Was Francis Tumblety Jack the Ripper?
A man of dubious character to be sure, as at 15 he was selling pornographic books and papers on the canal packet boats. He apparently disappeared from the area, returning years later he advertised he was ‘a great physician’, but he was really a man who sold potions from the back of a wagon. One of these, for pimples, was very effective and made him a fortune. A boastful flamboyant man, who held sumptuous dinner parties in his tastefully furnished apartment in Washington, intimate with many members of the Army and War Department, when they asked why there were no ladies present, he replied. “No, I don’t know any such cattle and if I did I would, as your friend rather give you a dose of poison than take you into such danger.”
He would later show the company anatomical specimens in a cupboard, including women’s wombs. He hated women because he had married young, to an older lady who was very flirty even on honeymoon. Some months later, on the rough side of town he saw his wife entering the house of a known brothel keeper with a man. The marriage ended in divorce! He was later arrested for poisoning someone with one of his potions, he was also a suspect in the murder of Abraham Lincoln. However, he always managed to stay one step ahead of the law running between America and Canada.

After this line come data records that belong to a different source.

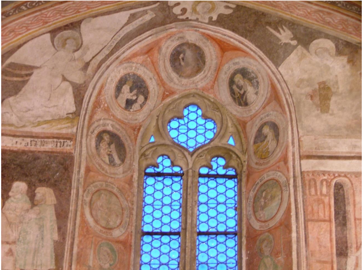
11. kép: Csetnek (Štítňik), a déli fal első szakaszán: Angyali üdvözlés és a Hét szabad művészet, 15. század eleje

jelenítését látjuk: a fodros felhőkkel övezett Atya Istentől sugárzóan repes a Szentlélek Galamb alakban az alázatosan térdelő Mária felé, aki éppen kimondta az angyal kérdésére az Igent.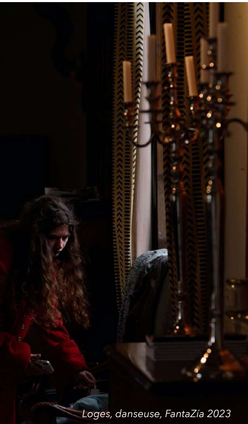
Loges, danseuse, FantaZía 2023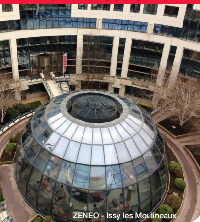
ZENEO - Issy les Moulineaux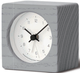
KK24-09 GY グレー 4515030101987

NEW ! KK24-09 w70×h70×d47mm 130g ホワイトアッシュ、ABS樹脂、ガラス 電子音アラーム時計（4段階 小→大）、アラームオートストップ機能（約5分後に自動停止） スリープセコンド ¥8,250 (本体価格:¥7,500)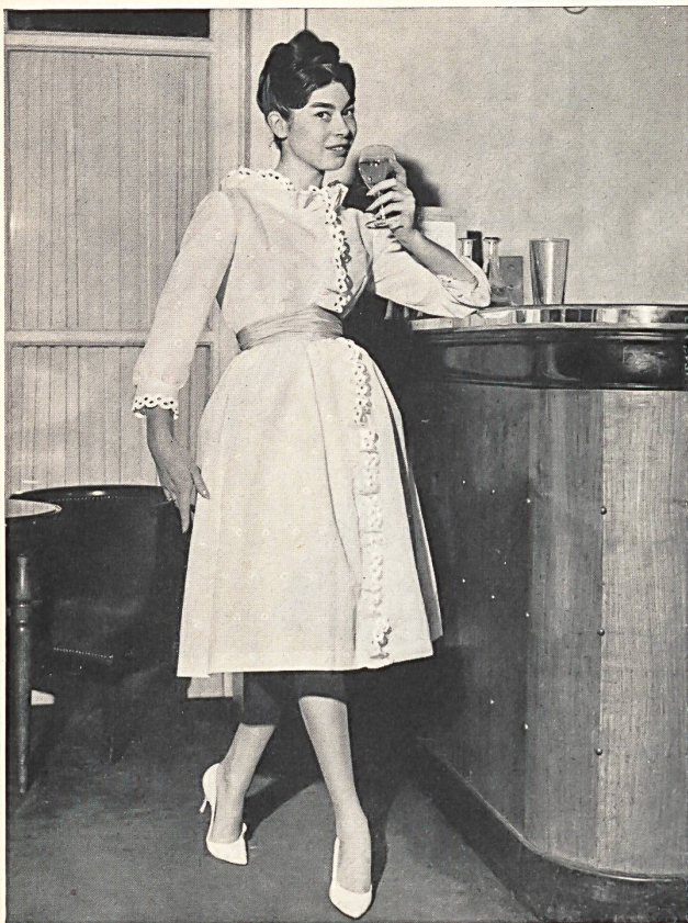
«RECO», REICHENBACH & CO., SAINT-GALL

Batiste brodée «Minicare» blanche. Embroidered white «Minicare» batiste. Modèle Bellerive, Nice.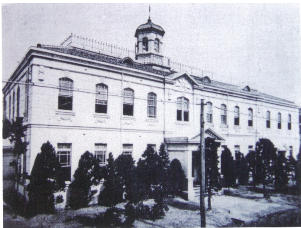
米子町庁舎大正終り頃（昭和4年焼失）※4 米子市立山陰歴史館蔵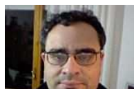
Ancora nessuna traccia dell'operaio scomparso

It is thought that he may have been the subject of a letter written by Inspector J G Littlechild, one of the investigating officers in the case of Jack the Ripper. He wrote to G Sims: “I never heard about a Dr D in connection with the murders but I did hear about a Dr T (sounds the same) an American Quack called Tumblety”.
The letter, discovered by Stewart Evans prompted his book “Jack the Ripper, The First American Serial Killer.” Further investigation showed that Tumblety was here, and rumoured to be the ‘lodger’ living in Batty Street. The landlady noticed her tenant with a bloodstained shirt on the double event 30 September 1888.
He arrived in Liverpool in 1888 and then went to London. He was known to the police here as a Fenian sympathiser. There had been a bomb attack on Scotland Yard, and so they were looking for anyone connected. On 7 November 1888 he was arrested for gross indecency (found with a man in a public toilet) and he would have been bailed the same or the next day. Now he was known as a ‘psycopathia sexualis’, he was arrested again on 12 November in connection with the murder of Mary Kelly and bailed to appear on the sixteenth. Using the name of Frank Townsend, he fled to Boulogne and from there back to New York. He was important enough a suspect for the British police to send a posse of officers there. However, they denied that they were looking for him for the murder, and just said he had jumped bail.
An intriguing man to be sure, but not Jack the Ripper. The evidence was purely circumstantial; there was nothing concrete. At 6 foot tall, a flamboyant dresser with an American accent, I think he would have found it impossible to melt into the background in an area inhabited mainly by small (5ft 6ins average height) underfed Jews, Irish and English men!